I saw something very funny yesterday, although many people later told me it was real. I saw someone whom I thought was pretending to be John McCain come out with an "economic program." He started with tax cuts and more tax cuts to fight the recession. This wasn't a rerun of Ronald Reagan in 1981, although this character did say that he would also cut deeply "discretionary spending" (this had to be a comedy show, because discretionary social spending has been cut relentlessly in non fiction America over the last thirty years).
As I was expecting this guy to say "sock it to me," he said he would support repeal the federal gasoline tax, as this would reduce gasoline costs over time as against increasing deficits very quickly. While I was expecting an actor dressed up as P.T. Barnum to come out and exclaim "there's a sucker born every minute," the McCain character went on to promise government supported thirty year mortgages to everyone threatened with losing their homes out of one side of his mouth and a promise that the banks wouldn't lose anything out of the other. He also admitted(here was the "straight talk") that he really couldn't balance the budget in short order with these policies (Ronald Reagan said he could twenty-eight years ago but I guess this actor doesn't have much respect for Voodoo).

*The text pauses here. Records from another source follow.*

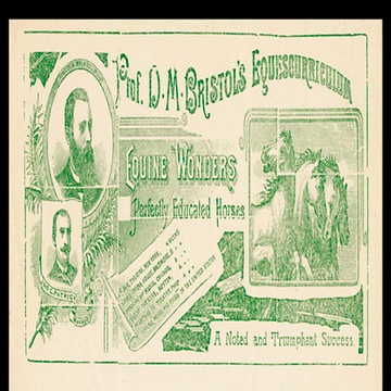 Letterhead, undated, for a traveling equine show. One can clearly see where the independently enraved wood blocks were butted together to make the whole.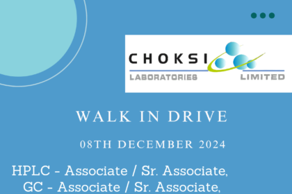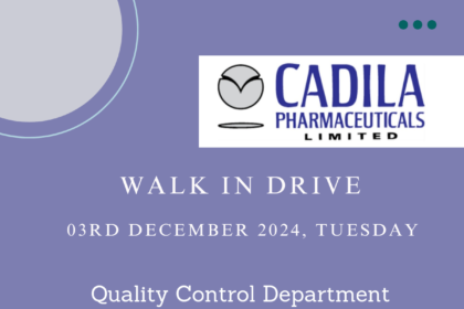 Cadila Pharmaceuticals Ltd Walk In Drive on 03rd December 2024, Tuesday for Quality Control Department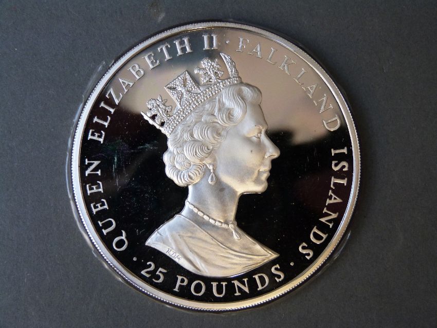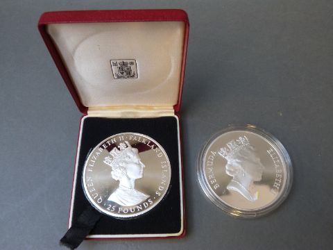 A cased silver Falkland Island giant coin 165g, cased but no certificate, together with an uncased silver Bermuda 5 dollars, 185g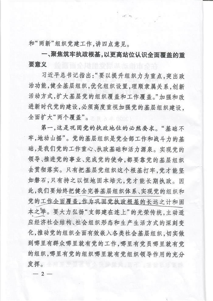 2020年6月5日下午,集團黨委領導代表參加了全市推動基層黨組織全面覆蓋暨“兩新”組織黨建工作“擴面提質增效”專項行動現(xiàn)場會。會上深刻學習了市委組織部、季培東部長講話文件精神?,F(xiàn)把兩份文件下發(fā)給你們,并認真學習貫徹文件精神。

At this point, I expected a chimpanzee named Bonzo to step out and hit the McCain character in the head with a football. Or may a group of Supreme Court Justices with signs on their robes reading, Roberts, Scalia, Alito, and Thomas, to step out and start dancing with the McCain character as the audience chanted "Here Come the Judge."
People this morning though told me that it was really true. That that was the real John McCain. That he was really advocating a rerun of the Reagan policies of the early 1980s that produced the sharpest recession of the post World War II period, when unemployment reached 10% and real wages declined. That, after the Reagan policies and the Bush II policies of spectacular tax cuts for corporations and the wealthy and crippling cutbacks in social services and the public sector, he was really playing that old trick on the people, a little bit like a political Ponzi scheme, where you get a little money in tax cuts in one pocket while you lose much much more in regressive federal, state, and local taxes and fees, out of pocket costs for education and health care, reduced wages and salaries, and then, like the victims of Ponzi schemes, watch as the bubble bursts (in this case, the whole economy goes into a deep recession.)

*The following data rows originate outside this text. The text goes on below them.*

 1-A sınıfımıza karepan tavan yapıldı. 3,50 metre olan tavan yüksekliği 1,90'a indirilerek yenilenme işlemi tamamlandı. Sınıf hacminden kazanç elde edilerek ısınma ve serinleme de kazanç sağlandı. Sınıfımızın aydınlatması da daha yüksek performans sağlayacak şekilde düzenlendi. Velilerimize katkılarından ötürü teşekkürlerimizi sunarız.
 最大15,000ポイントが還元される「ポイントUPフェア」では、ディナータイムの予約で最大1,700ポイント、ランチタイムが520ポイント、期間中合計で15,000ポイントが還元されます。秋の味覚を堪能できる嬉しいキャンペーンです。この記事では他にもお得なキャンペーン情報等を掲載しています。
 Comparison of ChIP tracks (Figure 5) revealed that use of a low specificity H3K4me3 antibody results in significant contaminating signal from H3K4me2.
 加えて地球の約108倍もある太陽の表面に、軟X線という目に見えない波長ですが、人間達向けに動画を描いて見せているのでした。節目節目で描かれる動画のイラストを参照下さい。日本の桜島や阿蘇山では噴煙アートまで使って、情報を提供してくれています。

If that was really John McCain and not an actor on Comedy Central, he has come forward with an "economic plan" that can only repeat the disaster of the Reagan years, the disaster of the George W Bush years, in an economy that is much less able at every level to absorb the blows of trillions more added to the national debt, income inequality intensifying, and living standards for the majority not just stagnating but in all probability dropping significantly.

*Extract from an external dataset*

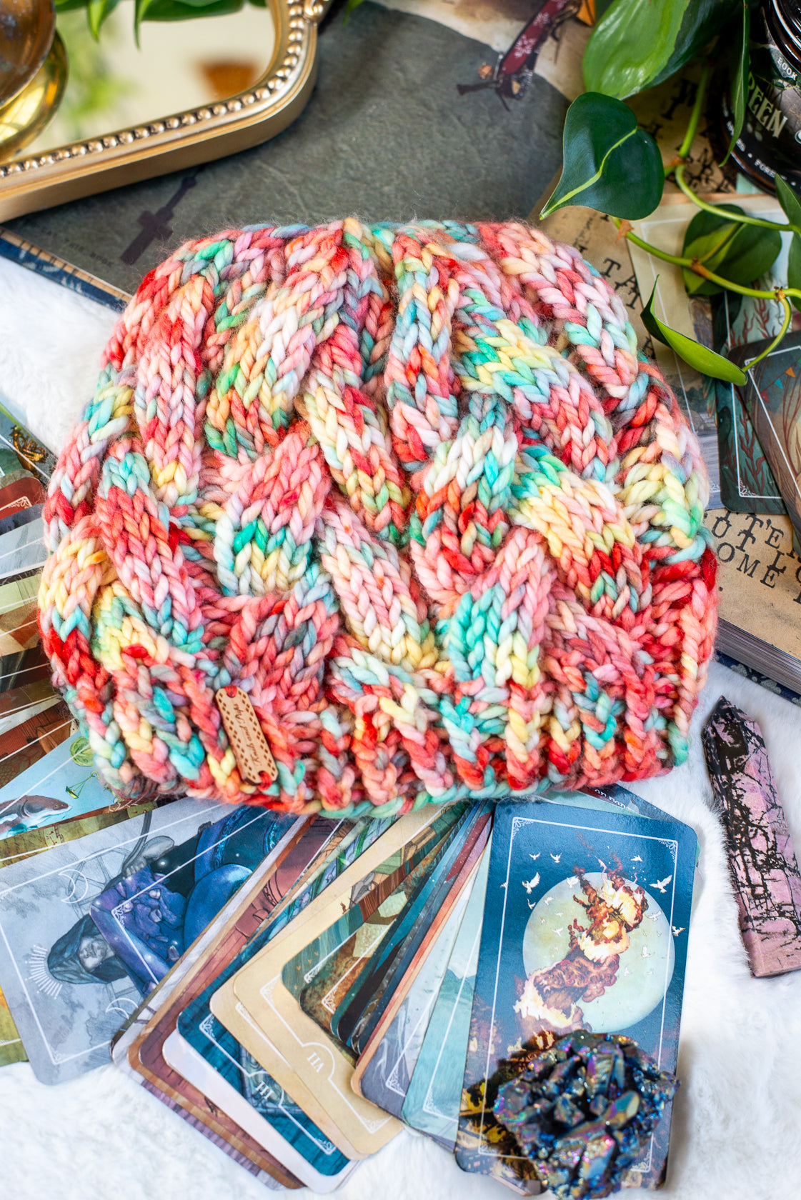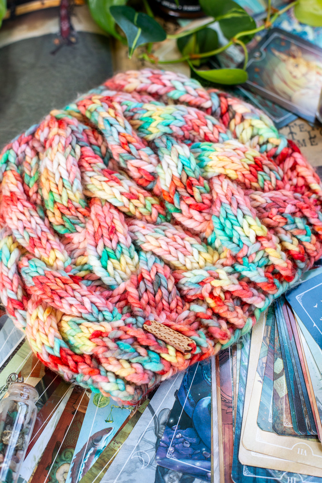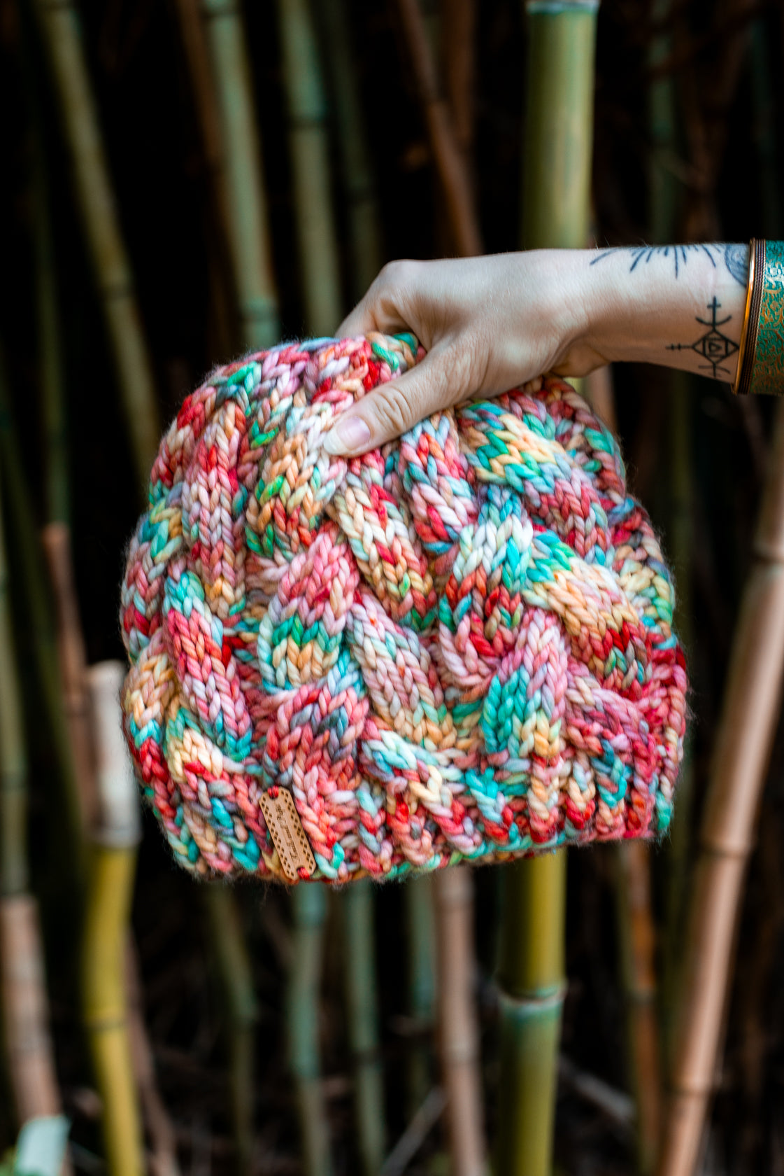 All one of a kind hats are knit with hand dyed, 100% merino wool. Because of how the wool we use is dyed by hand, each skein is unique. Combined with the braided pattern, even if we use the same colorway, each hat is totally one of a kind.

Maybe I was wrong in comparing the McCain program to a Comedy Central performance. It may have been more like Orson Welles famous 1938 Mercury Theater of the Air Radio broadcast of H. G. Wells' War of the Worlds, which was presented so realistically that some people thought that Martians had really invaded the U.S. and panicked. Except, McCain's plan, which was so absurd it looked like a satirical skit, is real and should help Americans to see the dangers that his candidacy represents.